This article is part of Future Tense, a collaboration among Arizona State University, New America, and Slate. On Thursday, April 21, Future Tense will hold an event in Washington, D.C., on the reproducibility crisis in biomedicine. For more information and to RSVP, visit the New America website.
The U.S. government spends $5 billion every year on cancer research; charities and private firms add billions more. Yet the return on this investment—in terms of lives saved, suffering reduced—has long been disappointing: Cancer death rates are drifting downward in the past 20 years, but not as quickly as we’d hoped. Even as the science makes incremental progress, it feels as though we’re going in a circle.
That’s a “hackable problem,” says Silicon Valley pooh-bah Sean Parker, who last week announced his founding of a $250 million institute for research into cancer immunotherapy, an old idea that’s come around again in recent years. “As somebody who has spent his life as an entrepreneur trying to pursue kind of rapid, disruptive changes,” Parker said, “I’m impatient.”
Many science funders share Parker’s antsiness over all the waste of time and money. In February, the White House announced its plan to put $1 billion toward a similar objective—a “Cancer Moonshot” aimed at making research more techy and efficient. But recent studies of the research enterprise reveal a more confounding issue, and one that won’t be solved with bigger grants and increasingly disruptive attitudes. The deeper problem is that much of cancer research in the lab—maybe even most of it—simply can’t be trusted. The data are corrupt. The findings are unstable. The science doesn’t work.
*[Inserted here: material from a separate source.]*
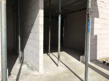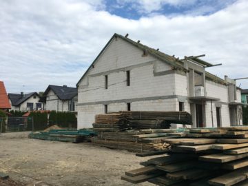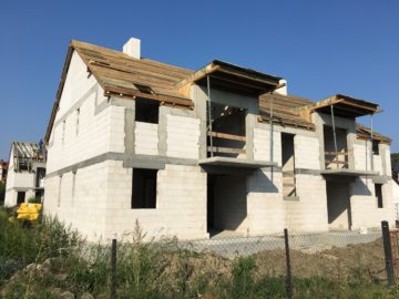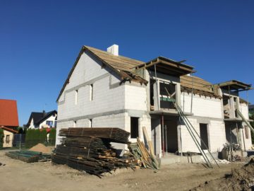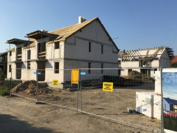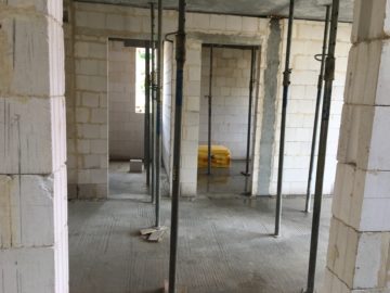 ZakoĹczono murowanie Ĺcian konstrukcyjnych i Ĺcian dziaĹowych w budynku nr 1. TrwajÄ prace nad Ĺcianami dziaĹowymi w budynku nr 2.

In other words, we face a replication crisis in the field of biomedicine, not unlike the one we’ve seen in psychology but with far more dire implications. Sloppy data analysis, contaminated lab materials, and poor experimental design all contribute to the problem. Last summer, Leonard P. Freedman, a scientist who worked for years in both academia and big pharma, published a paper with two colleagues on “the economics of reproducibility in preclinical research.” After reviewing the estimated prevalence of each of these flaws and fault-lines in biomedical literature, Freedman and his co-authors guessed that fully half of all results rest on shaky ground, and might not be replicable in other labs. These cancer studies don’t merely fail to find a cure; they might not offer any useful data whatsoever. Given current U.S. spending habits, the resulting waste amounts to more than $28 billion. That’s two dozen Cancer Moonshots misfired in every single year. That’s 100 squandered internet tycoons.
How could this be happening? At first glance it would seem medical research has a natural immunity to the disease of irreproducible results. Other fields, such as psychology, hold a more tenuous connection to our lives. When a social-science theory turns to be misguided, we have only to update our understanding of the human mind—a shift of attitude, perhaps, as opposed to one of practice. The real-world stakes are low enough that strands of falsehood might sustain themselves throughout the published literature without having too much impact. But when a cancer study ends up at the wrong conclusion—and an errant strand is snipped—people die and suffer, and a multibillion-dollar industry of treatment loses money, too. I always figured that this feedback would provide a self-corrective loop, a way for the invisible hands of human health and profit motive to guide the field away from bad technique.
Alas, the feedback loop doesn’t seem to work so well, and without some signal to correct them, biologists get stuck in their bad habits, favoring efficiency in publication over the value of results. They also face a problem more specific to their research: The act of reproducing biomedical experiments—I mean, just attempting to obtain the same result—takes enormous time and money, far more than would be required for, say, studies in psychology. That makes it very hard to diagnose the problem of reproducibility in cancer research and understand its scope and symptoms. If we can’t easily test the literature for errors, then how are we supposed to fix it up?
When cancer research does get tested, it’s almost always by a private research lab. Pharmaceutical and biotech businesses have the money and incentive to proceed—but these companies mostly keep their findings to themselves. (That’s another break in the feedback loop of self-correction.) In 2012, the former head of cancer research at Amgen, Glenn Begley, brought wide attention to this issue when he decided to go public with his findings in a piece for Nature. Over a 10-year stretch, he said, Amgen’s scientists had tried to replicate the findings of 53 “landmark” studies in cancer biology. Just six of them came up with positive results.
Begley blames these failures on some systematic problems in the literature, not just in cancer research but all of biomedicine. He says that preclinical work—the basic science often done by government-funded, academic scientists—tends to be quite slipshod. Investigators fail to use controls; or they don’t blind themselves to study groups; or they selectively report their data; or they skip important steps, such as testing their reagents.
Begley’s broadside came as no surprise to those in the industry. In 2011, a team from Bayer had reported that only 20 to 25 percent of the studies they tried to reproduce came to results “completely in line” with those of the original publications. There’s even a rule of thumb among venture capitalists, the authors noted, that at least half of published studies, even those from the very best journals, will not work out the same when conducted in an industrial lab.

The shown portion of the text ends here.